Vulnerability Description

Vulnerability in Cisco routers versions 8.2 through 9.1 allows remote attackers to bypass access control lists when extended IP access lists are used on certain interfaces, the IP route cache is enabled, and the access list uses the "established" keyword.

CVSS Metrics

Base Score
7.5
Severity
HIGH
Vector String
AV:N/AC:L/Au:N/C:P/I:P/A:P

Weaknesses (CWE)

NVD-CWE-Other
Source: nvd@nist.gov

AI Security Analysis

01 // Technical Summary

Cisco routers running versions 8.2 through 9.1 are vulnerable to a critical access control bypass. This allows remote attackers to circumvent security measures and potentially gain unauthorized access to internal networks by exploiting a flaw in how the router handles extended IP access lists with the 'established' keyword when the IP route cache is enabled, leading to unauthorized network access.

02 // Vulnerability Mechanism

Step 1: Target Identification: The attacker identifies a Cisco router within the vulnerable version range (8.2-9.1) with extended IP access lists and the IP route cache enabled.

Step 2: Connection Establishment: The attacker initiates a TCP connection to a service on the targeted router that is protected by an access list using the 'established' keyword.

Step 3: Initial Packet Filtering: The router evaluates the initial SYN packet against the access list. If the access list allows established connections, the SYN packet is permitted.

Step 4: Route Cache Population: The router caches the route information for the established connection to optimize performance.

Step 5: Malicious Payload Delivery: The attacker sends malicious packets that should be blocked by the access list (e.g., packets from a source IP not permitted by the access list). These packets are crafted to exploit the vulnerability.

Step 6: Access List Bypass: Due to the flaw, the router may use the cached route information for subsequent packets of the established connection, bypassing the access list checks for the malicious packets.

Step 7: Unauthorized Access: The attacker gains unauthorized access to the internal network or service, as the malicious packets are allowed to pass through the router.

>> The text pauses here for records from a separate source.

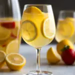 A bright and citrusy Limoncello Sangria made with white apple vinegar, fresh strawberries, lemon slices, and club soda.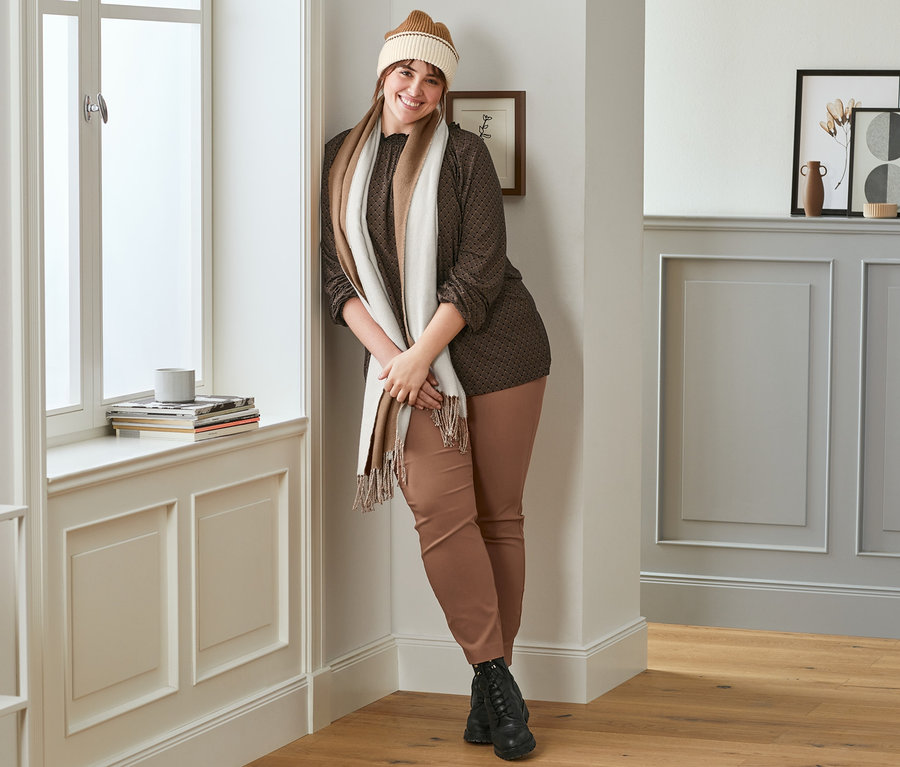 Bonnet en maille, crème-cognac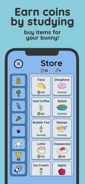 这款Study Bunny软件真的超级有意思!它的界面设计得超萌,特别是那个可爱的兔子形象,让人忍不住想一直盯着看。最让我喜欢的是它把时间管理变成了一个游戏,比如通过赚取金币来装扮兔子的家或者解锁新的背景,这样一来学习也变得有趣多了。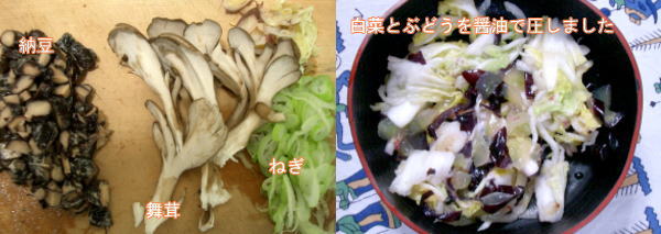 丹波黒豆納豆をきざんで、舞茸は軽く茹でて風で冷やす、そして刻み葱、適当にスパイス、

03 // Deep Technical Analysis

The vulnerability stems from a logic flaw in the interaction between the IP route cache and the processing of extended IP access lists containing the 'established' keyword. When a TCP connection is established, the router is supposed to permit traffic based on the access list rules. However, the route cache, designed for performance optimization, can sometimes bypass the access list checks for established connections. The 'established' keyword in the access list is intended to filter traffic based on the state of the TCP connection. The flaw lies in the router's failure to consistently re-evaluate the access list rules against the cached route information, allowing traffic that should be blocked to pass through. This is a stateful firewall issue where the state is not correctly maintained, leading to a privilege escalation scenario. The root cause is a race condition between the route cache lookup and the access list evaluation, combined with an incomplete state check.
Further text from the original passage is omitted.